Heston Kjerstad (75) singles at Ed Smith Stadium during the eighth inning of a game against the Minnesota Twins on 2/25/23. The Baltimore Orioles hosted the Twins for their home opener as the Florida Grapefruit League started on Saturday.
Heston Kjerstad (75) singles at Ed Smith Stadium during the eighth inning of a game against the Minnesota Twins on 2/25/23. The Baltimore Orioles hosted the Twins for their home opener as the Florida Grapefruit League started on Saturday. (Ulysses Muñoz/The Baltimore Banner)

In many ways, this spring has been Kjerstad’s formal introduction to the organization.
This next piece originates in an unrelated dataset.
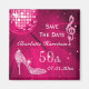 Elégant, glamour 50e anniversaire / Cinquantième anniversaire Magnet Réservez la date. Un éblouissement branché et glamour Sauvez les dates pour vos célébrations du 50e / 50e anniversaire. Magnifique, éblouissant argent scintille diamants bijoux bling image de la note musicale, funky rose rétro boule miroir disco et argent glittery stiletto talon haute image de chaussures de mode sur un arrière - plan chic rose chaud. Un mignon, classe, à la mode, élégant, joli enregistrer l'aimant de date pour les femmes. Les femmes adoreront ce design cool, amusant, funky, girly pour leur musique glamour et la danse 50ème/Cinquantième fêtes.

He was selected second overall in the 2020 draft, yet he’s a relatively unknown commodity to most of the major league players and staff in Baltimore — or was, before the ball jumped off his bat throughout the spring. The Orioles reassigned him to minor league camp Wednesday, and he’ll likely start in Double-A or Triple-A, but he has re-established himself as a top prospect in an organization laden with them after his career was thrown off course by a severe diagnosis not long after being drafted.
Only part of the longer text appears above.